▶ [What is needed]: Within the records below, reproduce without change the lines from the line that has "Chiều ngày 02/11/2023, tại" through the line that has "7.3.1 Buy Wilson", and only those.

▶ [Provided entries]:
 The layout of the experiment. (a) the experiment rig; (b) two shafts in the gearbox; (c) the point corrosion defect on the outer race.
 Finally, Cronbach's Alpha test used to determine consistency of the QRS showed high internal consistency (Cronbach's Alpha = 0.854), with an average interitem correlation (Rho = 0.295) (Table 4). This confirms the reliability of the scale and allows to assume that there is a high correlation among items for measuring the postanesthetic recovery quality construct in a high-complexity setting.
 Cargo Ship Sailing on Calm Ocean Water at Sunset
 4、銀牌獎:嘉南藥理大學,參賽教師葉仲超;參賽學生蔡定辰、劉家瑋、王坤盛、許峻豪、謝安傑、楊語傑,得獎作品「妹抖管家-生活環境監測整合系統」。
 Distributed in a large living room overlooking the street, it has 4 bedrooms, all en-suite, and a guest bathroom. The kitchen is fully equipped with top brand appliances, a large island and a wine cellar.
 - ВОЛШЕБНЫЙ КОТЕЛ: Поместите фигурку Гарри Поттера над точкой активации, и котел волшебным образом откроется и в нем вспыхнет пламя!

--

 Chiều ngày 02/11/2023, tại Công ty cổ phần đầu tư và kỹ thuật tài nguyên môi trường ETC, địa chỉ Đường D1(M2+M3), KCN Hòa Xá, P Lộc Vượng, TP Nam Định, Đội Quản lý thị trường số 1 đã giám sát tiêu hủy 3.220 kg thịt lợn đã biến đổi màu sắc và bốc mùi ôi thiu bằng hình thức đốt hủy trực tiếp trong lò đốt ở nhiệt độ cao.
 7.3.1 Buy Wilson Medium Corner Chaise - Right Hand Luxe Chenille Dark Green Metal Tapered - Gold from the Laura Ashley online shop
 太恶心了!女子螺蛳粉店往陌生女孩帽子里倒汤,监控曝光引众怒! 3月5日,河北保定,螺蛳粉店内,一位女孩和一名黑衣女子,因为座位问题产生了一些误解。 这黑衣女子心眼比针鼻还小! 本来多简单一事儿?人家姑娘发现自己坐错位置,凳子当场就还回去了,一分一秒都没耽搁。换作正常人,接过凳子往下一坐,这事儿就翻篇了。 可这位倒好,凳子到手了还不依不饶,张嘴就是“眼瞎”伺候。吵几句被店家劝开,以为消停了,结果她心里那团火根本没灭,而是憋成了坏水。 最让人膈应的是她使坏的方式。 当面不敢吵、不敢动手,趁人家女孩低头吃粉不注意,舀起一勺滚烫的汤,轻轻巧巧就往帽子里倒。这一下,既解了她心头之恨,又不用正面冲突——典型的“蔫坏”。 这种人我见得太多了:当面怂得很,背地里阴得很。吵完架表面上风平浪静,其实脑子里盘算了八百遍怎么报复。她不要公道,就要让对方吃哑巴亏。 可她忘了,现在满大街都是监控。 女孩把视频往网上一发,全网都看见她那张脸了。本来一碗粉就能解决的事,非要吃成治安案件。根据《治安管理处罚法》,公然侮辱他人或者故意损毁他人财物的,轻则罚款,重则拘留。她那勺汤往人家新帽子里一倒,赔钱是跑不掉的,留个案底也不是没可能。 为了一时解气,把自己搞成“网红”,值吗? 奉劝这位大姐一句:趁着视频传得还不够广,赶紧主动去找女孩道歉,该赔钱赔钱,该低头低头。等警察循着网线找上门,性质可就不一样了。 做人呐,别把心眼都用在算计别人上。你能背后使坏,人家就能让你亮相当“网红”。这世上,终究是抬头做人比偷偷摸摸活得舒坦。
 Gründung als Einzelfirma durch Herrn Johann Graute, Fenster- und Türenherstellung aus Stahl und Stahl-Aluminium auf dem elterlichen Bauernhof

--

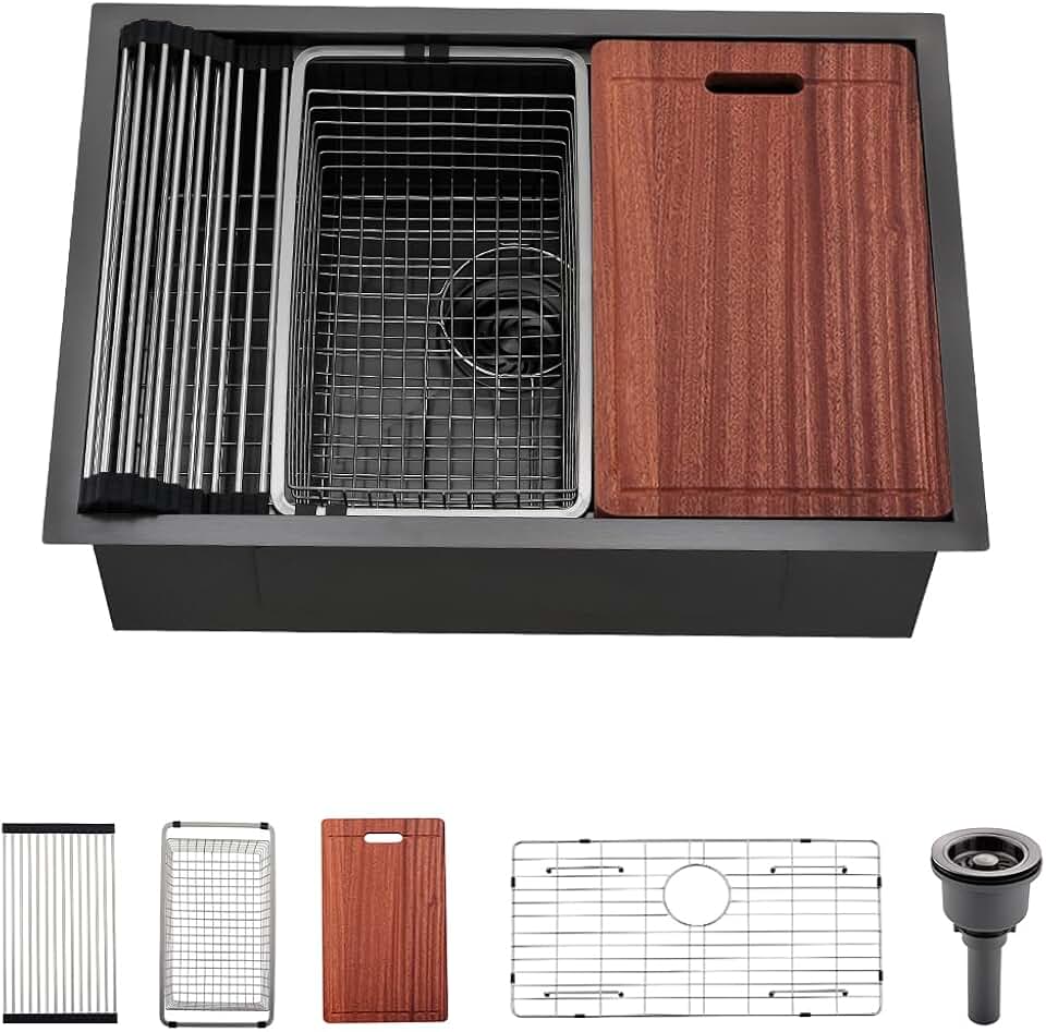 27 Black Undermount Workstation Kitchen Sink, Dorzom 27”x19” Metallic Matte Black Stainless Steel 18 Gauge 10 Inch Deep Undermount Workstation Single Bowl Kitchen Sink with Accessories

▶ [Task result]:
 Chiều ngày 02/11/2023, tại Công ty cổ phần đầu tư và kỹ thuật tài nguyên môi trường ETC, địa chỉ Đường D1(M2+M3), KCN Hòa Xá, P Lộc Vượng, TP Nam Định, Đội Quản lý thị trường số 1 đã giám sát tiêu hủy 3.220 kg thịt lợn đã biến đổi màu sắc và bốc mùi ôi thiu bằng hình thức đốt hủy trực tiếp trong lò đốt ở nhiệt độ cao.
 7.3.1 Buy Wilson Medium Corner Chaise - Right Hand Luxe Chenille Dark Green Metal Tapered - Gold from the Laura Ashley online shop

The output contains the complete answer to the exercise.